Gene Regulation from the Nuclear Envelope
Many developmental genes acquire intricate patterns of expression by physically contacting and communicating with enhancers located within conserved regulatory landscapes. To facilitate this communication, regulatory landscapes are highly structured in 3D space and must transition between fundamentally different states of repression and activation during development. However, such transformations are complex with landscapes seemingly altering transcription, chromatin state, structure and attachment to the repressive nuclear envelope near simultaneously. Consequently, the significant problem remains; which alteration directs loci to reconfigure and does this itself control gene expression?

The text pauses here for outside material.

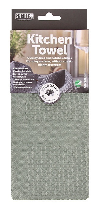 Smart Microfiber System Kitchen Towel Groen van sterk absorberende microvezel geeft een mooie glans aan glas, porselein en zilverwerk. Het laat oppervlakken schitteren en is perfect te gebruiken voor het schoonmaken van keukenkastjes, roestvrij staal en nog veel meer. Voorzien van het Nordic Swan Eco-label.Smart Microfiber System Kitchen Towel Groen:Droogt en poetst snel vaatwerkVoor glanzende oppervlakken, laat geen strepen achterFormaat 60x40 cm, kleur groenJaquard wafel microvezelNordic Swan Eco-labelSterk absorberendHoe te gebruiken?Gebruik de doek droog om af te de vaat en ondergronden droog te maken. Na gebruik kan de keukendoek op 40 graden gewassen worden en hij is droger bestendig.

New technological innovations now provide an unprecedented opportunity to address these questions. Low input structure and chromatin mapping techniques allow landscape behaviors to be contrasted across evolutionary time in non-standard model organisms. Super-resolution OligoPAINT FISH microscopy and combined single-cell sequencing methods allow the transcription, structure, and nuclear envelope-attachment of such regulatory landscapes to then be directly measured at individual alleles. Finally, complimentary CRISPR-genome engineering and rapid mouse-generation approaches enable examined landscapes to be genetically disrupted or transplanted and then functionally examined during development in vivo.
We now integrate and further refine these approaches to interrogate and disrupt regulatory landscapes and their transitions during in vivo mouse limb and retina development. In this way, we hope to understand how single loci are regulated in time and space and how this is sculpted to alter development in evolution and disease.